Prior to implementing a sector- or place-based approach, an analysis of the community's current and anticipated needs should be undertaken. One report details a sector analysis to determine the need for more healthcare workers in a particular community, for example. Another example might be the pay for a particular position being aligned with the cost of housing in a particular area.

===Ties with employers===

Both sector and place-based strategies emphasize the importance of ties with the employers. Even in place-based strategies focused on finding work quickly must tie efforts to employers to determine who is hiring.

In place-based programs, this may entail determining general skills that are lacking in a specific population such as English-speaking skills.

Work force development programs can be evaluated based on the strength and number of ties with community employers during the creation stage of the program, as well as their ongoing participation to constantly assess which skills are most needed. “Employer leadership is key to long-term reform” of work force development systems.

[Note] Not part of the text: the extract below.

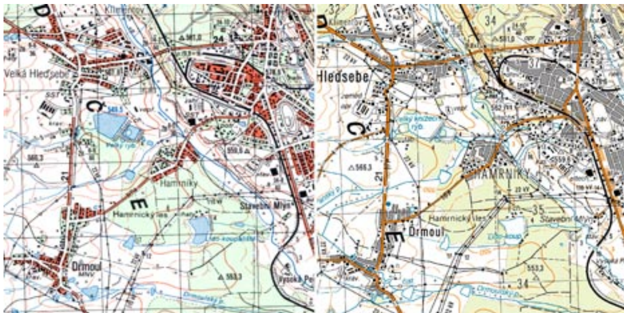
Obr. 10 Porovnání vzhledu topografických map měřítka 1 : 25 000 v systému S-42/83 a WGS84

vou databázi pro tvorbu TM 25 a TM 50 se stal aktualizovaný DMÚ 25 a pro tvorbu TM 100 nový Digitální model území 100 (DMÚ 100), který byl projektován pro tento účel a vytvořen na podkladě již hotových standardizovaných TM 50 s využitím DMÚ 200.

Programs that maintain high standards for participants may build credibility with partner employees, potentially expanding the number of employment opportunities available.

===Adaptability===

Programs must be flexible, so that they can change when market or work force conditions change. One marker of adaptability is the presence of mechanisms to listen to what the community saying, evidenced by the close ties with community stakeholders and nonprofits as explained above.

Another area where this characteristic is important is with participant training. Programs should take into account how skilled participants are when coming into the program and the pace that participants works at. Consideration of these factors on a person-to-person basis is important to develop participants' skills more efficiently and keep participants engaged. Programs should recognize that skills for a job are not the only keys to success for the job. "Individuals need to understand the norms and culture of the workplace. Thus programs pay a great deal of attention not only to the content of training curricula but also to the atmosphere and culture of the training program".